Normally, an rcall +0
instruction at the top of a function would be a handy way to double the number of times the function runs. But in this case, we can see that the return addresses are not being returned to, they are in fact being removed from the stack at the end of the function with four pop
instructions.
So at the beginning of the function, the compiler is adding four bytes to the stack and at the end of the function it is removing four bytes from the stack. This is how the compiler allocates storage for your variable, i
. Since i
is a local variable, it generally gets stored on the stack. Compiler optimizations might allow the variable to be stored in registers, but I don't think such optimizations are allowed for volatile
variables. This answers your first and fourth questions.

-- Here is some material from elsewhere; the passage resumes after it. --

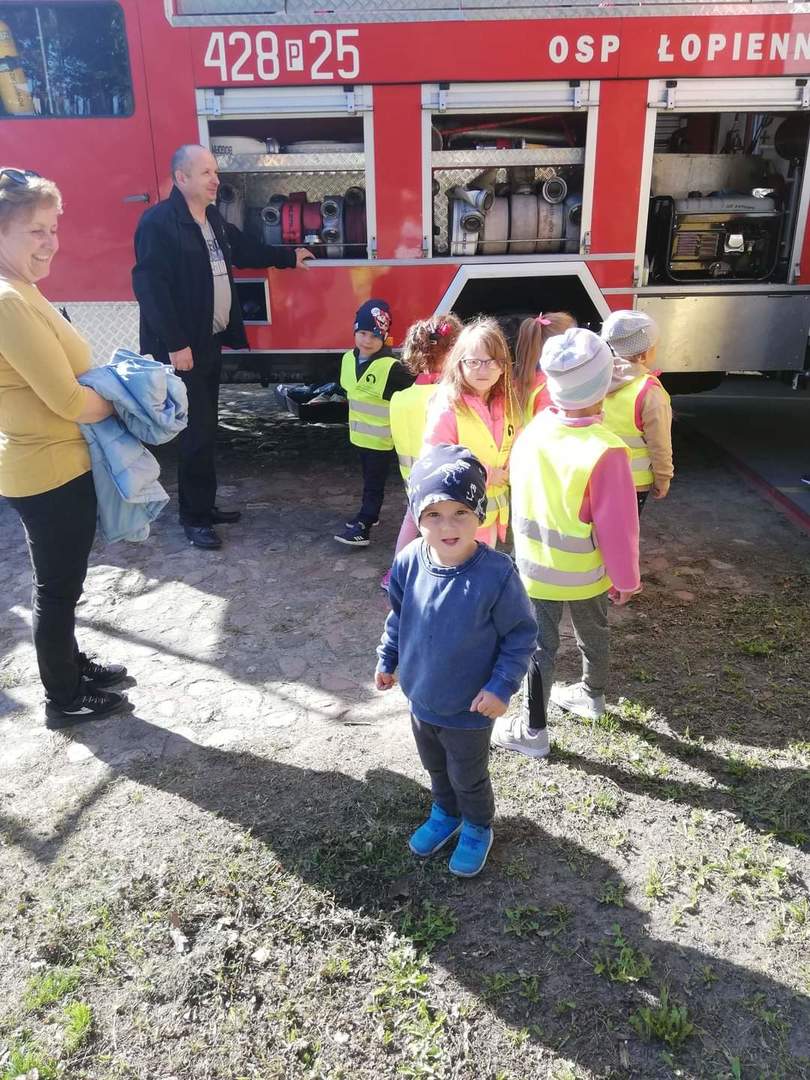 Dzieci z odziału przedszkolnego wzięły udział w wycieczce do OSP w Łopiennie, podczas której dowiedziały się jak wygląda praca strażaków oraz jakim sprzętem się posługują. Wycieczka dostarczyła najmłodszym wielu niezapomnianych wrażeń. Serdecznie dziękujemy strażakom za jej umożliwienie i za wspaniałe spotkanie.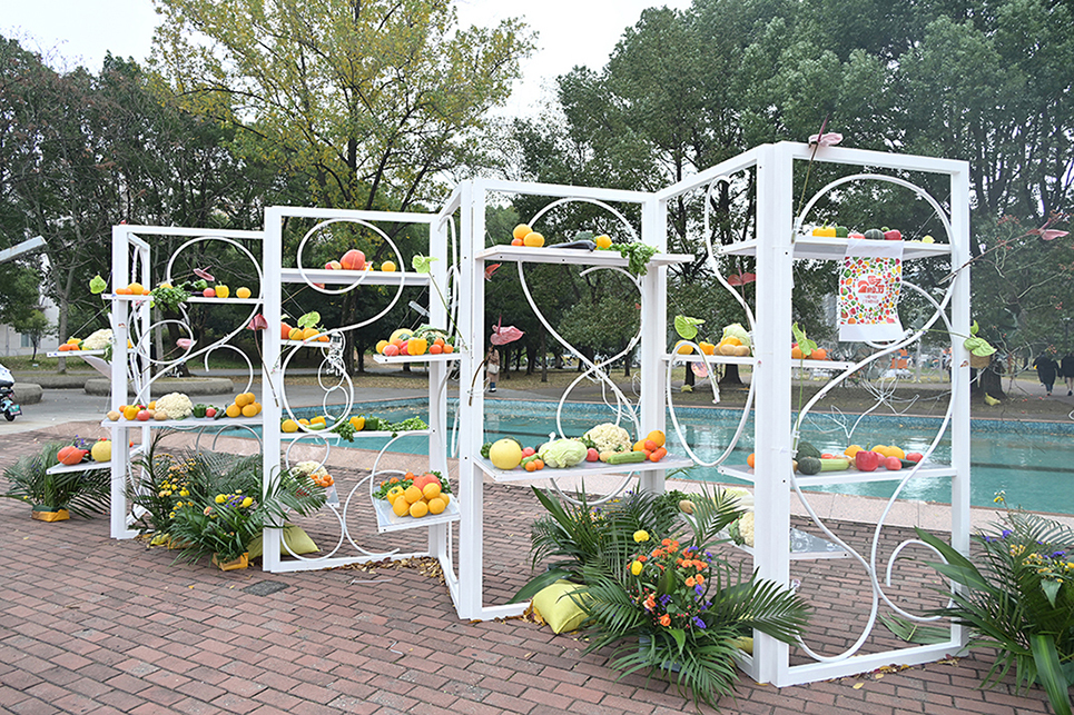 “花田园艺、架构花屏、明镜飞花”由王媛媛老师团队倾力打造,作品匠心独运,利用圆形钢架做固定造型,将一支支鲜花、一片片绿叶、一根根枝条融入其中。每一朵花都有自己独特的风格和情感,构造出一幅富有灵性的画卷。在花架上,装满蔬果的果篮子、菜篮子错落排放,雏菊、马蹄莲装点其间,花菜、西兰花、彩椒、番茄、南瓜、茄子……七彩多样的蔬菜展示在人们面前,构成一幅生机盎然的园艺画卷。

You marked your variable i
as volatile
, which tells the compiler it cannot make any assumptions about the memory that i
is stored in. Every time your code reads or writes to i
, the compiler must generate a real read or write to the RAM locations that hold i
; it's not allowed to make the optimizations you thought it would make. This answers your second and third questions.
The volatile
keyword is useful for special functions registers on your chip, and it is useful for variables that are shared between the main loop and an interrupt.